萩本 和男 NTT未来ねっと研究所 所長
山内 修 NTTアクセスサービスシステム研究所 第二推進プロジェクト プロジェクトマネージャー
鎌 光男 NTTアクセスサービスシステム研究所 第二推進プロジェクト ディレクター
FTTH(fiber to the home)サービスの開通には,ユーザー宅内の光配線工事が必要です。これまでの開通作業では,光ファイバの取り扱いに慎重な作業が求められました。しかし光ファイバの接続をコネクタ化することにより,作業の簡易化が進みつつあります。
FTTHの早期展開が事業者にとって急務となっています。そのために重要になるのが光配線技術です。簡単で扱いやすい光配線技術が求められています。
FTTHサービスを開通させるためには,ユーザー宅内への光配線工事が必要です。ただし現行の光配線は作業に熟練を要します。ドロップ光ファイバをユーザー宅内へ引き込む屋外光キャビネットの中では,光ファイバ接続後の余った光ファイバ心線を収納するため,曲げやねじれなどに注意して作業する必要があるからです。

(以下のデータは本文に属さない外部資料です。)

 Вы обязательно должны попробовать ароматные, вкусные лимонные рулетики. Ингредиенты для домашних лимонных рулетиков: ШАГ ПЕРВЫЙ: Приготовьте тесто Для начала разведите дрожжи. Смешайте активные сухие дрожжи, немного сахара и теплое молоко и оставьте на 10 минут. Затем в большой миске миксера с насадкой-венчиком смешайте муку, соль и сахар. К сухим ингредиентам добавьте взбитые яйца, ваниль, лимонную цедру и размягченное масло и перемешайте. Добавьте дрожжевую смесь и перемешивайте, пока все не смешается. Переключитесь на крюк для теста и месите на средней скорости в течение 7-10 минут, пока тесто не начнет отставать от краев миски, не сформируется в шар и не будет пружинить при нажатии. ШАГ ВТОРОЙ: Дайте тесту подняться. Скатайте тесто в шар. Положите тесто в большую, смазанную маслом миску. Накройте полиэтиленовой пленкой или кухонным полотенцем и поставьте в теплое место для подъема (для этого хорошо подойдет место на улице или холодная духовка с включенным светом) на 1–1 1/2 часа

ファイバに曲げやねじれが生じると,伝送損失につながります。
また故障時の調査でも,測定器類とつなぐためには,接続部をいったん切断して測定用コード類と再接続することが必要です。ユーザー宅内でドロップ光ファイバおよびインドア光ファイバを接続する,光ローゼットについても同様の作業が発生します。
このような課題を解消するために,最近になって新しい光配線技術の導入が進んでいます。
光ファイバの接続をコネクタ化
まずは,光ファイバ心線状態での収納を避けるために開発された「ケーブル外被把持型コネクタ」を紹介します。「FAコネクタ(field assembly connector)」とも呼びます。

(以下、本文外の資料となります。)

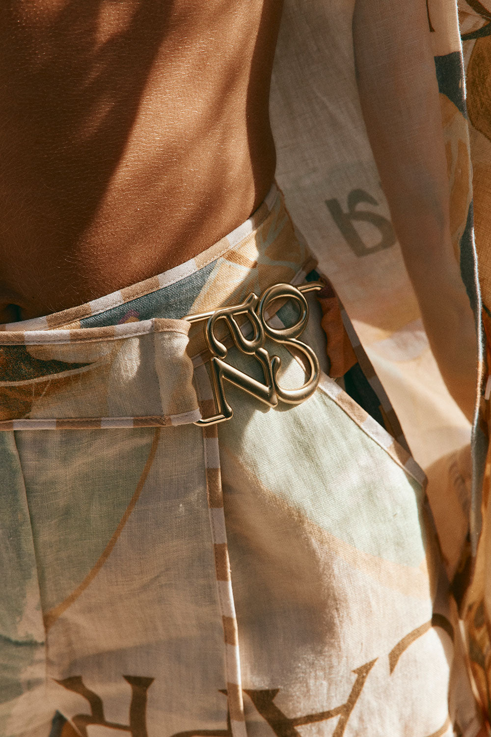 The Portofino Shorts in our exclusive Fiorire Acqua print from our Summer '25 collection. A linen high waisted pair with an asymmetric wrap belt panel with gold ZĀCO hardware, twin pockets and contrasting bind details. Pair with the Portofino Top or Shirt. Exclusive ZĀCO design.

FAコネクタは,外被把持部材を取り付けることで,光ファイバ心線を露出せずに接続,取り外しができる構造を採用。また,専用の工具を使用することなく,現地で簡単かつ確実に組立てることが可能です(図1[拡大表示])。
FAコネクタ・プラグをソケットに差し込むことで,簡単にコネクタの接続,切り離しができます。もちろん故障の調査時に,接続部を切断する必要もありません。
FAコネクタ対応ユニットも新導入
FAコネクタの収納を可能にした「光コネクタ・キャビネット」,「光コネクタ・ローゼット」も新たに導入された技術です(図2[拡大表示])。これらのユニットの内部では,光ファイバが取り扱いやすくなったため,開通作業の効率化につながります。また,FAコネクタを採用したことで,キャビネット類の小型化も実現しました。

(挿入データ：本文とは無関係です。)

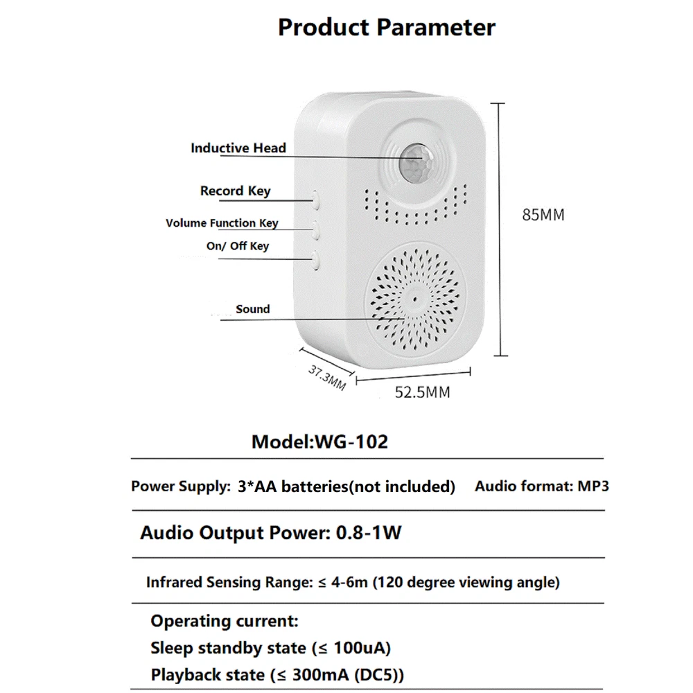 Product Description Welcome Infrared Chime Doorbell Wireless 3-Level Adjustable Volume Door Bell g Welcome Infrared Chime Doorbell Wireless Adjustable Volume Door bell with Recording function Specifications: Color: White Size: 85*52.5*37.3mm Power: 3*AA batteries (not included) Material: ABS plastic Volume: 3 volumes adjustable Operating current: Sleep standby state (≤100uA) and Playback state (≤300mA) Features: Sensor: Sensor , no wiring is required. Convenient: Detect movement you will know anyone entering your setting area. Household Supplies: sensor convenience. Applications: Door suitable for home, business shops, stores, hotels, factories, doorway entrance place requiring either guest saluting function. Automatic.Automatic induction broadcasting,induction distance 4~6 meters. How to record: Long press the recording button to record,you can record what you want to say. Package Includes: 1x Doll Bell(Not included 3* AA Batteries) 1x Sticker Shipping Returns Contact Us Payment 1. Items sent from US warehouse. 2.Receiving time = Processing time + Shipping time 3. Processing Time: Around 1-2 business Days 4. Shipping Time: 3-5 business day it may have a little delay during some holiday (such as Christmas),any problem ,please feel free to contact 1. 30 days warranty from the purchased date. Please contact us via email before returning the defective item. 2.Our warranty does not extended to any product that are physically damaged or that are not under normal operating conditions as result of misuse or improper installation on the buyer/user's part. 3.Return items should include the original packaging and all accessories. buyers MUST contact us for the returning address. 4.In all cases, buyers pay shipping fees at their own cost to return products for exchange or refund. We will be responsible for the postage of replacements. Refund will be made upon receipt of the returned item. Pls contact us if you have any problems,we will try our best to solve for you We accept all verified payment from eBay. Shipping 1. Items sent from US warehouse. 2.Receiving time = Processing time + Shipping time 3. Processing Time: Around 1-2 business Days 4. Shipping Time: 3-5 business day it may have a little delay during some holiday (such as Christmas),any problem ,please feel free to contact Returns 1. 30 days warranty from the purchased date. Please contact us via email before returning the defective item. 2.Our warranty does not extended to any product that are physically damaged or that are not under normal operating conditions as result of misuse or improper installation on the buyer/user's part. 3.Return items should include the original packaging and all accessories. buyers MUST contact us for the returning address. 4.In all cases, buyers pay shipping fees at their own cost to return products for exchange or refund. We will be responsible for the postage of replacements. Refund will be made upon receipt of the returned item. Contact Us Pls contact us if you have any problems,we will try our best to solve for you Payment We accept all verified payment from eBay. You may also like TV Remote Control Controller For Bose Solo 5 TV Soundbar System 535 AUX1 CM525 18.99 USD Storage Case Travel Carrying Bag For Bose SoundLink 3 SoundLink III Speaker 20.0 USD 4Pcs/Set Tires & Wheels Rims For Tamiya TT01 TT02 XV01 HPS HPI 1/10 RC Car aa 22.77 USD Repair LCD Screen Hinge Flex Cable For Canon PowerShot G7X Mark II G7 X II G7X2 12.75 USD Echo Recoil Starter Assembly A051001312 A051001311 Pe-225 Srm-255 Pas-255 17.84 USD 1.99 USD 37mm Watch Dial With Hands For ETA 6497 ST3600 Watch Movement 5 Colors Optional 16.99 USD powered by

なお,最も一般的に使用されている「アウトレットボックス(JIS C 8435に準拠したスイッチボックス浅型SM36)」でも,FAコネクタは利用可能になっています(図2右下)。
今後の宅内光配線は,このようにFAコネクタをベースにして,より扱いやすい形へと進化していくでしょう。それに伴って,開通作業がますますスピードアップすると考えられます。